Ahmed Raza Shan E, Langenkämper Daniel, Sirinukunwattana Korsuk, Epstein David, Nattkemper Tim W, Rajpoot Nasir M
Department of Computer Science, University of Warwick, Coventry, CV4 7AL UK.
Biodata Mining Group, Bielefeld University, Bielefeld, Germany.
BioData Min. 2016 Mar 5;9:11. doi: 10.1186/s13040-016-0088-2. eCollection 2016.
study of mapping and interaction of co-localized proteins at a sub-cellular level is important for understanding complex biological phenomena. One of the recent techniques to map co-localized proteins is to use the standard immuno-fluorescence microscopy in a cyclic manner (Nat Biotechnol 24:1270-8, 2006; Proc Natl Acad Sci 110:11982-7, 2013). Unfortunately, these techniques suffer from variability in intensity and positioning of signals from protein markers within a run and across different runs. Therefore, it is necessary to standardize protocols for preprocessing of the multiplexed bioimaging (MBI) data from multiple runs to a comparable scale before any further analysis can be performed on the data. In this paper, we compare various normalization protocols and propose on the basis of the obtained results, a robust normalization technique that produces consistent results on the MBI data collected from different runs using the Toponome Imaging System (TIS). Normalization results produced by the proposed method on a sample TIS data set for colorectal cancer patients were ranked favorably by two pathologists and two biologists. We show that the proposed method produces higher between class Kullback-Leibler (KL) divergence and lower within class KL divergence on a distribution of cell phenotypes from colorectal cancer and histologically normal samples.
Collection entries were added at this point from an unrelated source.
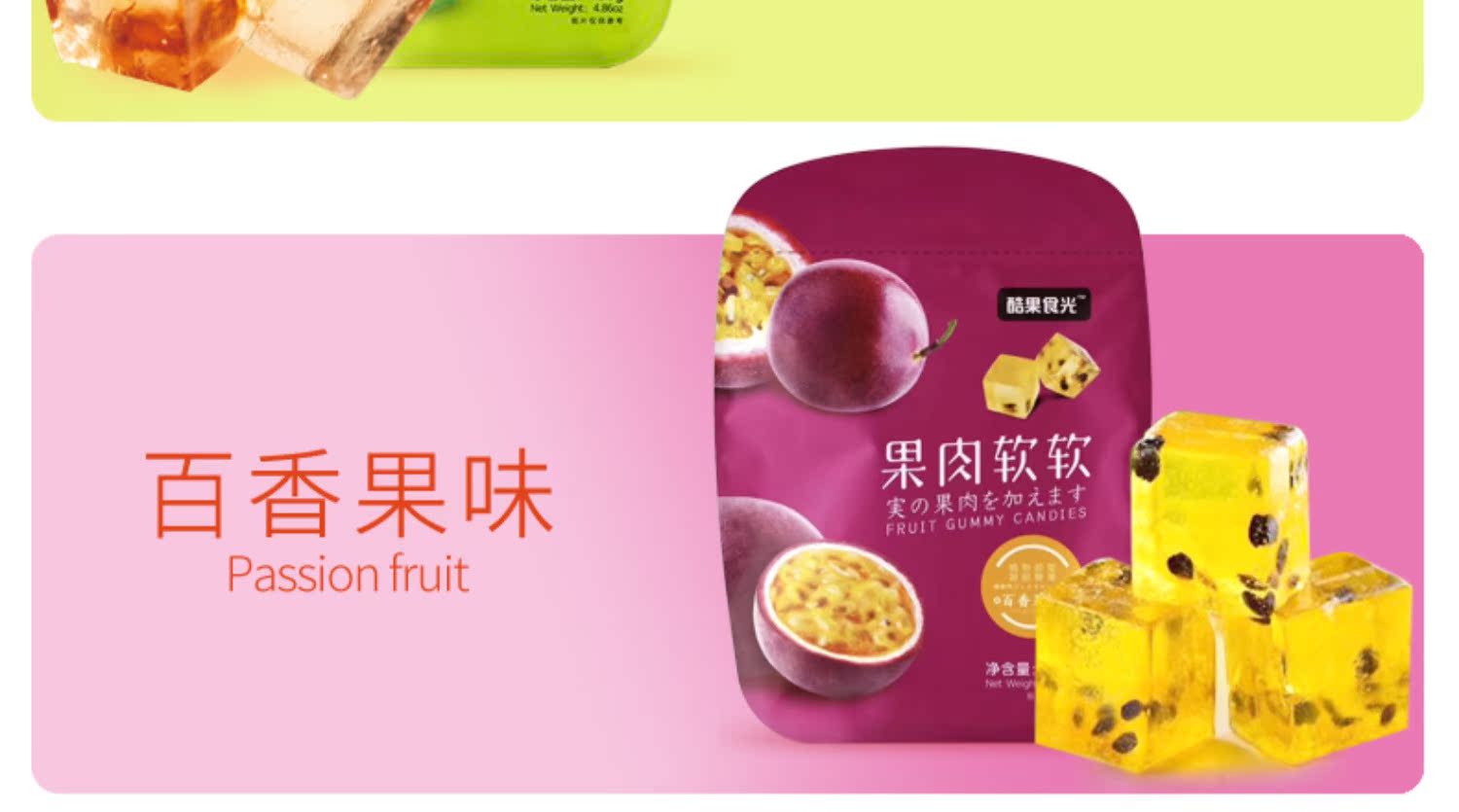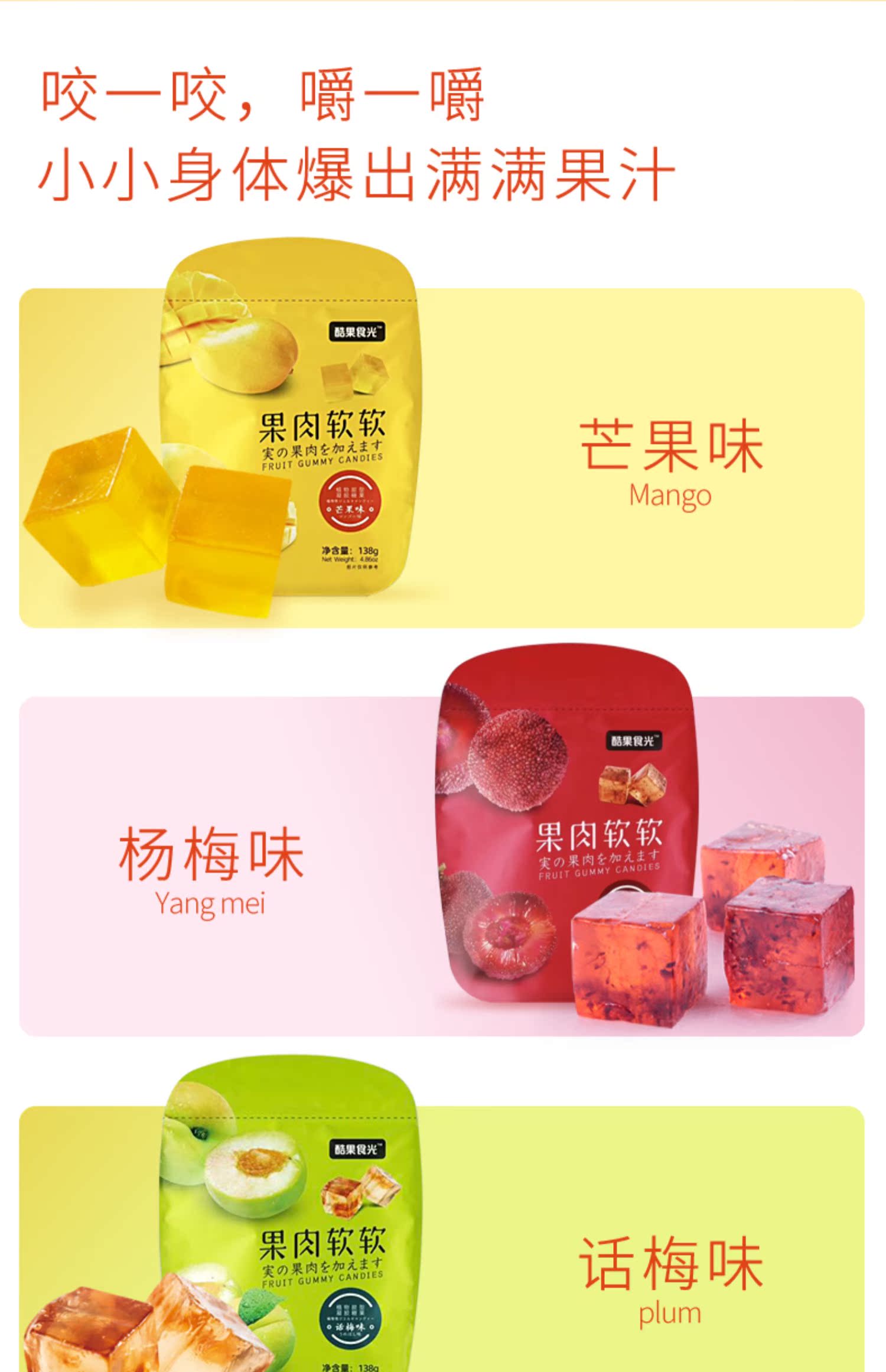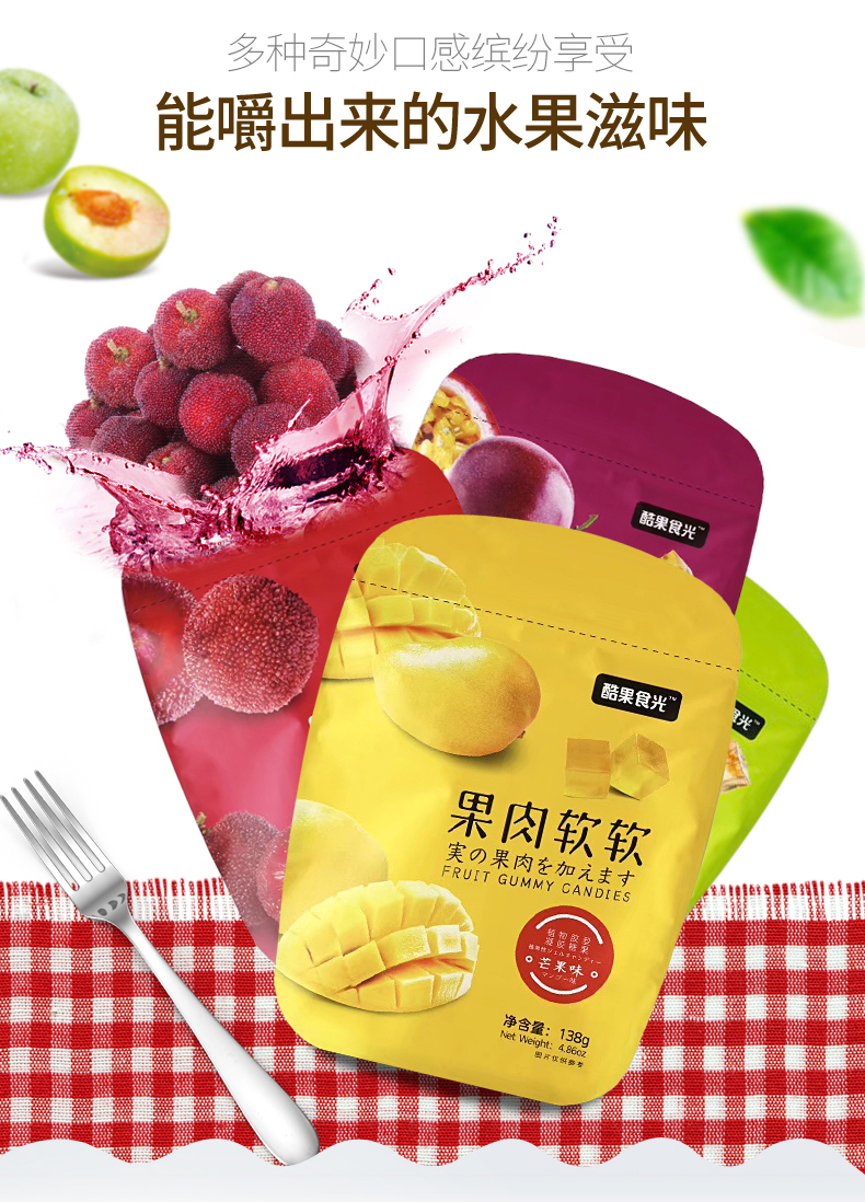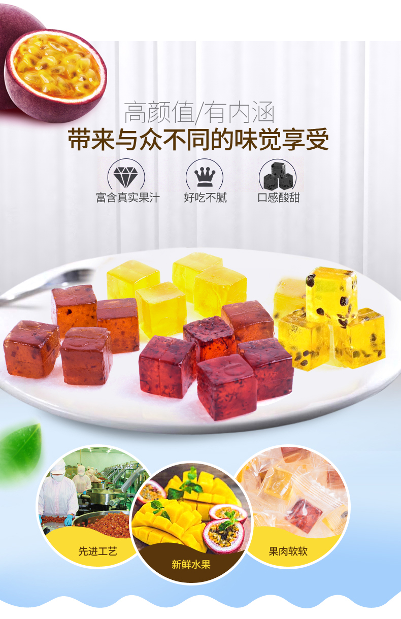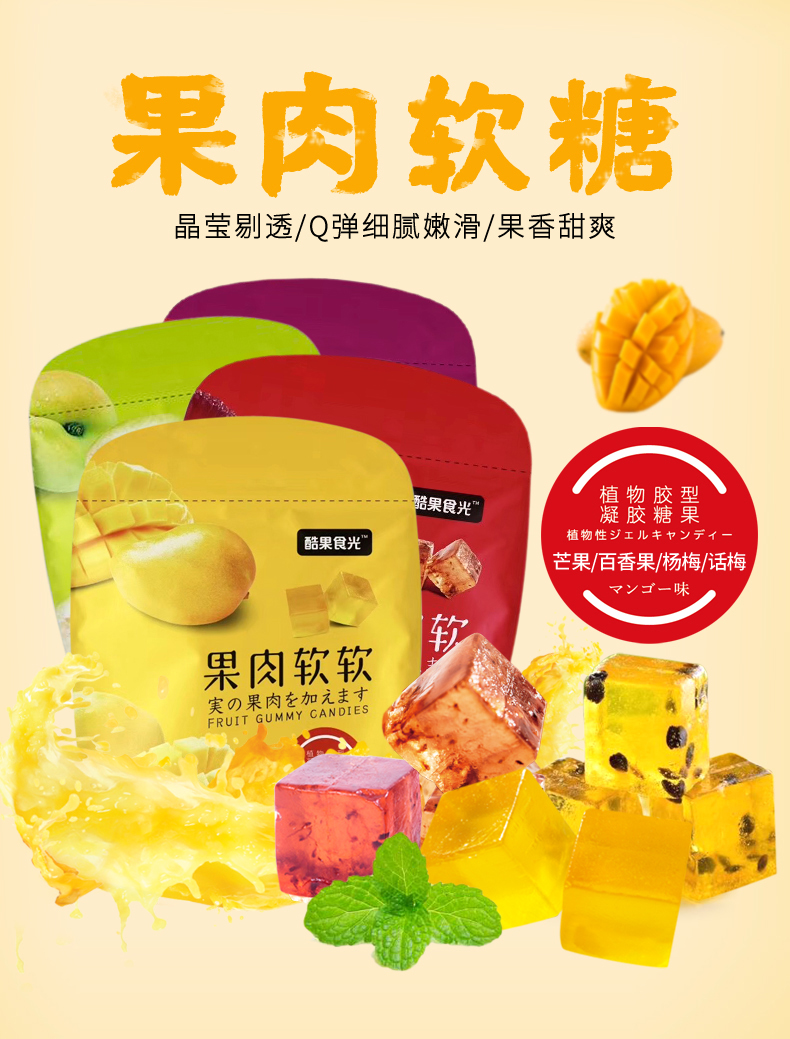 【第二件8.9元,第三件0元】一袋约28颗,超高颜值的果肉软糖!果肉胶型,晶莹剔透,入口Q弹细腻,好吃不粘牙~咬一咬,果酱爆浆而出,好吃到爆!
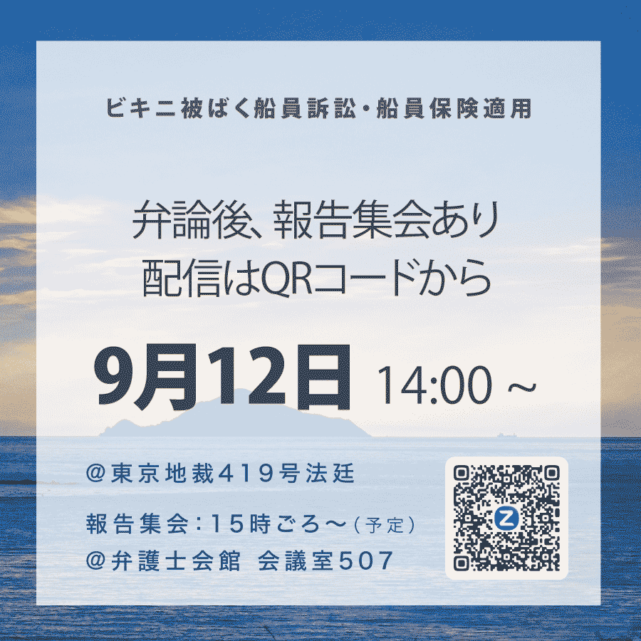 - 7/14 ビキニ船員訴訟原告団長・下本節子さんより、
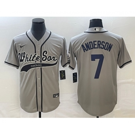 >Men's Chicago White Sox #7 Tim Anderson Grey Cool Base Stitched Baseball Jersey
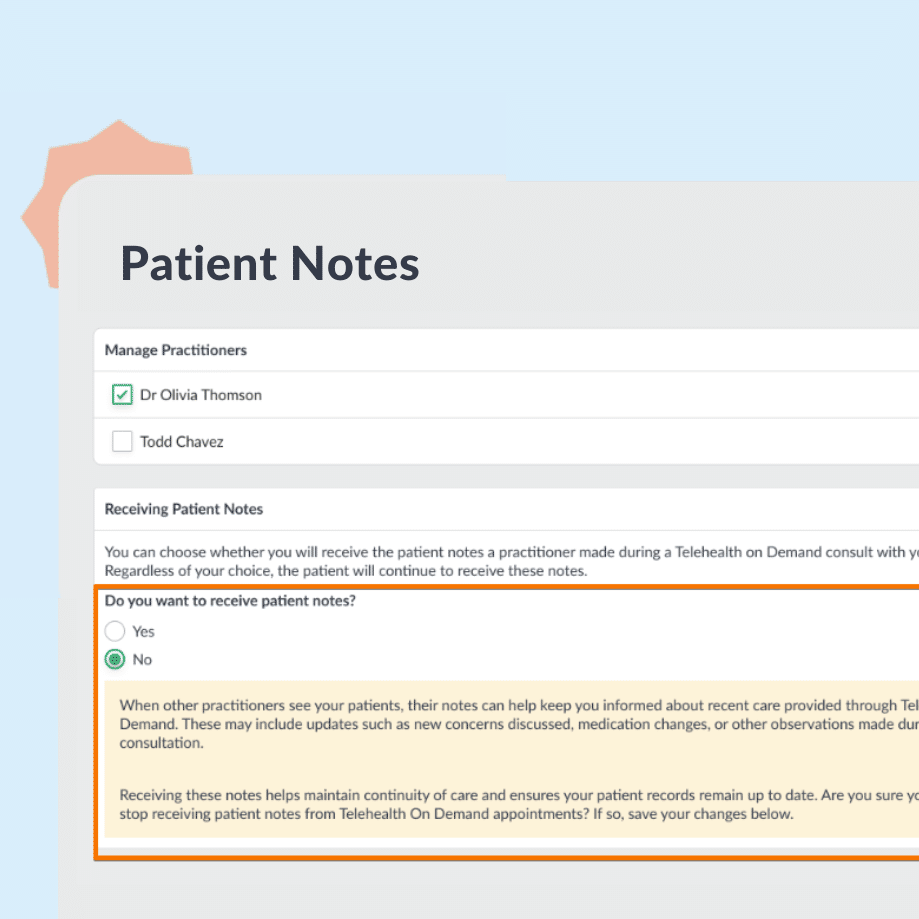 Choose whether you receive Telehealth patient notes

在亚细胞水平研究共定位蛋白的图谱绘制及相互作用对于理解复杂的生物学现象至关重要。绘制共定位蛋白的最新技术之一是循环使用标准免疫荧光显微镜(《自然生物技术》24:1270 - 8, 2006;《美国国家科学院院刊》110:11982 - 7, 2013)。不幸的是,这些技术存在问题,即在一次运行以及不同运行之间,蛋白质标记信号的强度和定位存在变异性。因此,有必要在对来自多次运行的多重生物成像(MBI)数据进行任何进一步分析之前,将其预处理协议标准化到可比的规模。在本文中,我们比较了各种归一化协议,并根据所得结果提出了一种强大的归一化技术,该技术对使用拓扑成像系统(TIS)从不同运行中收集的MBI数据产生一致的结果。两位病理学家和两位生物学家对所提出的方法在一组结直肠癌患者的TIS样本数据集上产生的归一化结果给予了高度评价。我们表明,所提出的方法在结直肠癌和组织学正常样本的细胞表型分布上产生了更高的类间库尔贝克 - 莱布勒(KL)散度和更低的类内KL散度。